■ DIRECTIONS FOR THIS TASK ■
Could you set down exactly the lines of the data below, starting at the one that holds "قَرَائِنِهَا الْمُحْتَفَّةِ بِهَا." and ending at the one that holds "A large covered", both included, and only those?

*** Opening RAW DATA ***

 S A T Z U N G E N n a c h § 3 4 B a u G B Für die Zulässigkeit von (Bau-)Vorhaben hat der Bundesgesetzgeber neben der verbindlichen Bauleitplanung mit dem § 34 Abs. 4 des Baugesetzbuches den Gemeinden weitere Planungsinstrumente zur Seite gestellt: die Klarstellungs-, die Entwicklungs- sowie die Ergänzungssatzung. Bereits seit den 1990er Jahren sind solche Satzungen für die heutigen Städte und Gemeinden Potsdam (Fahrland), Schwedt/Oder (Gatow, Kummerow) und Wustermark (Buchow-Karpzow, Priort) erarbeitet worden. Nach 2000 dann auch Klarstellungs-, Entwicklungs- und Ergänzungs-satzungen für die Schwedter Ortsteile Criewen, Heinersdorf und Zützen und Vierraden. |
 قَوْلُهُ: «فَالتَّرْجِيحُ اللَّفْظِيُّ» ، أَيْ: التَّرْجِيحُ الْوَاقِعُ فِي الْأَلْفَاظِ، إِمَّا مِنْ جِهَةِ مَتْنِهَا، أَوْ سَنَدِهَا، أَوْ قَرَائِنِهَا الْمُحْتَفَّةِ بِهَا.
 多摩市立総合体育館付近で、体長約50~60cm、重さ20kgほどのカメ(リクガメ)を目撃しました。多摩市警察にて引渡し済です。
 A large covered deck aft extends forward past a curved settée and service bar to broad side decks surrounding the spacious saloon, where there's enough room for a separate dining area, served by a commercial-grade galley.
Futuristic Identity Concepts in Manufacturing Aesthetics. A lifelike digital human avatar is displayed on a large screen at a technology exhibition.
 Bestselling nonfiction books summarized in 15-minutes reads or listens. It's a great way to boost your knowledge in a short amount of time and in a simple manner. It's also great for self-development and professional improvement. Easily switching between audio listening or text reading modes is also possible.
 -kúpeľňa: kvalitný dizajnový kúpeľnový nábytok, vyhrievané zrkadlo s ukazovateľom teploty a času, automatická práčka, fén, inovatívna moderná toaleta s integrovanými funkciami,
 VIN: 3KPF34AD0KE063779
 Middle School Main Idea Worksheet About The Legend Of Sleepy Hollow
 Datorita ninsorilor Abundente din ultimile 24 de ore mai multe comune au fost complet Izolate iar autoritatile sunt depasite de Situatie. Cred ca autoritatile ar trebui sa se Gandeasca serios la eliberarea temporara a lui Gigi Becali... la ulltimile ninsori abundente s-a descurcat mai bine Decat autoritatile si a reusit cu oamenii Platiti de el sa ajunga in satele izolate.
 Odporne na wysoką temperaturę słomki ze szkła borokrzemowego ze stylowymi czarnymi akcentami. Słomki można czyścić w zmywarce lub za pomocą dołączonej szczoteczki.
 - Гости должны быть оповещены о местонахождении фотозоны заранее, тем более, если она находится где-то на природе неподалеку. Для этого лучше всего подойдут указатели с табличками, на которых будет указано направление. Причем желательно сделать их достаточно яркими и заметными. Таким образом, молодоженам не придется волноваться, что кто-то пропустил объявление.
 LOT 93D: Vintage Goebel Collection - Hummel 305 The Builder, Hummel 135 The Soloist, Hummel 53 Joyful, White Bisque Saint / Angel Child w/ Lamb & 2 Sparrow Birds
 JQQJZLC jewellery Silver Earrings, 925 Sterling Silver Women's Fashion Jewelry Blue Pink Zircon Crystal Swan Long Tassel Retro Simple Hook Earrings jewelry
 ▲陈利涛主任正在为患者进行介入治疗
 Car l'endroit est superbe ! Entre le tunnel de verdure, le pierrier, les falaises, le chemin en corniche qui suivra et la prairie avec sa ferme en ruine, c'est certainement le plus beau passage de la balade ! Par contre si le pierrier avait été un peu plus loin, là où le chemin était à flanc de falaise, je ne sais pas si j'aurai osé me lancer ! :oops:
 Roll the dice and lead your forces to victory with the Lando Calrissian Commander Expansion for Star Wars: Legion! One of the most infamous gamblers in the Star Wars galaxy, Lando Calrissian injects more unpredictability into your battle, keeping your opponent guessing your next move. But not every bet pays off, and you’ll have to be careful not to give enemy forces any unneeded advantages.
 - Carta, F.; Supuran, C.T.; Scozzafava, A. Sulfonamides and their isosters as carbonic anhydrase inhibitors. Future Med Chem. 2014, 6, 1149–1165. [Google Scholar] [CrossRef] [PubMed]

*** Closing RAW DATA ***

■ RESULT BELOW ■
 قَوْلُهُ: «فَالتَّرْجِيحُ اللَّفْظِيُّ» ، أَيْ: التَّرْجِيحُ الْوَاقِعُ فِي الْأَلْفَاظِ، إِمَّا مِنْ جِهَةِ مَتْنِهَا، أَوْ سَنَدِهَا، أَوْ قَرَائِنِهَا الْمُحْتَفَّةِ بِهَا.
 多摩市立総合体育館付近で、体長約50~60cm、重さ20kgほどのカメ(リクガメ)を目撃しました。多摩市警察にて引渡し済です。
 A large covered deck aft extends forward past a curved settée and service bar to broad side decks surrounding the spacious saloon, where there's enough room for a separate dining area, served by a commercial-grade galley.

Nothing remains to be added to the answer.